In this work we used artificially fragmented vegetative propagules of six soil moss species to study: 1) the variation of their establishment success as a function of the propagule size; 2) the influence of some morphological traits of the propagules; and 3) the importance of interspecific differences in the establishment success. To do this, we cultured artificially-obtained fragments in the top surface of rockwool cubes to analyse their establishment and colonization success under controlled conditions, recording the number of established propagules in a given area, and the cover surface and biomass of the resulting moss patches after colonization. For each species, we characterized the range of sizes, projected area and morphological type of its propagules. Specifically, we studied Dicranum scoparium Hedw., Homalothecium aureum (Spruce) H. Rob., Hypnum cupressiforme Hedw., Ptychostomum capillare (Hedw.) D.T. Holyoak & N. Pedersen (= Bryum capillare Hedw.), Syntrichia ruralis F. Weber & D. Mohr and Tortella squarrosa (Brid.) Limpr. (= Pleurochaete squarrosa (Brid.) Lindb.) These species were selected because they are all soil species – which are usually easier to cultivate-; have similarly broad distributions but co-occur in several regions; and are common in Europe, while showing different ecological and habitat preferences (e.g. types of soil, humidity gradient), and adaptive growth strategies (e.g. mode of branching), thus providing insights on the functional diversification of moss responses.

Study species

The moss species studied have widespread distributions that span several continents^47,48. All six species are common in the Iberian Peninsula, where they frequently coexist (e.g. refs. 52, 55). They differ in ecological requirements regarding humidity (D. scoparium is hygrophyte-mesophyte, H. cupressiforme and P. capillare are mesophyte-xerophytes and H. aureum, S. ruralis and T. squarrosa are xerophytes) and soil type (e.g. D. scoparium and P. capillare are more humicolous, and H. aureum is more arenicolous) (see ref. 47). Besides, they also differ in their bearing of archegonia and growth form; H. aureum and H. cupressiforme are pleurocarpous mosses that grow flat to the ground, whereas P. capillare, S. ruralis, T. squarrosa and D. scoparium are acrocarpous species that grow normally erect. Additionally, P. capillare can develop specialized asexual propagules in rhizoids, stems and leaves⁵⁶.

Experimental design

The study consisted of two experiments, a pilot experiment to test different methods of artificial fragmentation and experimental conditions, and the main experiment, in which we tested the effect of propagule size on the establishment success.

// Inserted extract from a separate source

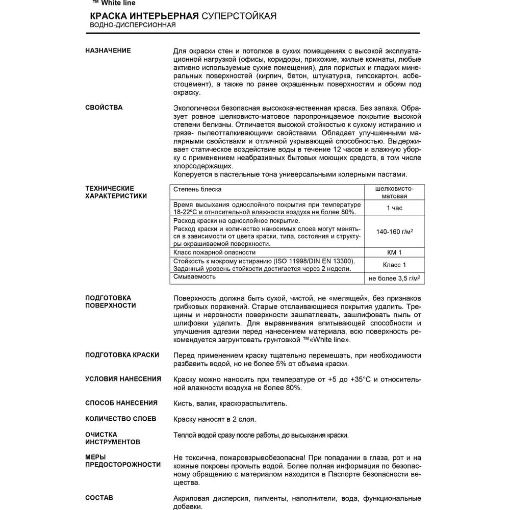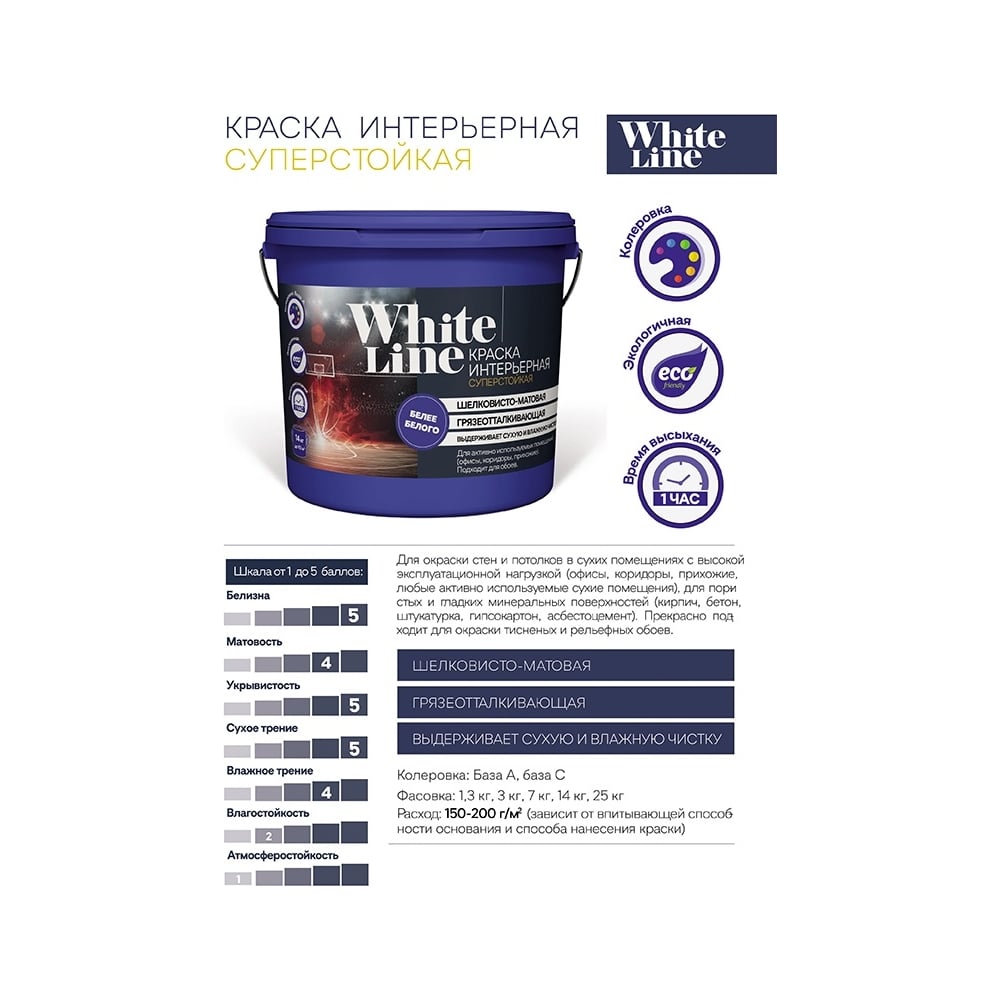 Суперстойкая интерьерная краска White Line 4690417092512

In the pilot experiment we tested the six species, two different substrates (rockwool vs. felt), and four classes of fragments (fragments resulting from wet milling, and three size intervals of dry-milled fragments). We tested three replicates of all combinations (6 species x 2 substrates x 4 fragment types), thus we had a total sample size of 144. For wet milling, we first saturated the samples with water and milled them for 10 seconds in a regular electric coffee grinder with a single blade. Note that wet milling does not allow the separation of fragments of different size, and it may affect survival rates. For dry milling, we air-dried the samples and milled them in several successive steps until we obtained enough material of the different propagule size classes. To separate the fragments by size we sieved the dry-milled propagules through meshes of different size (small: Ø 0.25 mm – 0.16 mm, medium: Ø 0.45 mm – 0.25 mm, large: Ø 0.75 mm – 0.63 mm). This method separates propagules by their maximum width but note that propagules can substantially vary in length, especially in the cases of long and narrow propagules. The propagules were sown in 4 x 4 cm seedling pots and kept in a growth chamber in controlled conditions (temperature of 10 °C, photoperiod 10/12 h, and a PAR radiation light of 31 µmol m^-2s^-1), for 8 weeks. The results of the pilot experiment showed that there were no substantial differences between the establishment success of wet and dry fragments. Since dry milling allowed an easy separation of propagules by size, we used this milling method in the main experiment. Also, we used rockwool as a substrate because it is an inert material that does not interfere with growth and required less watering.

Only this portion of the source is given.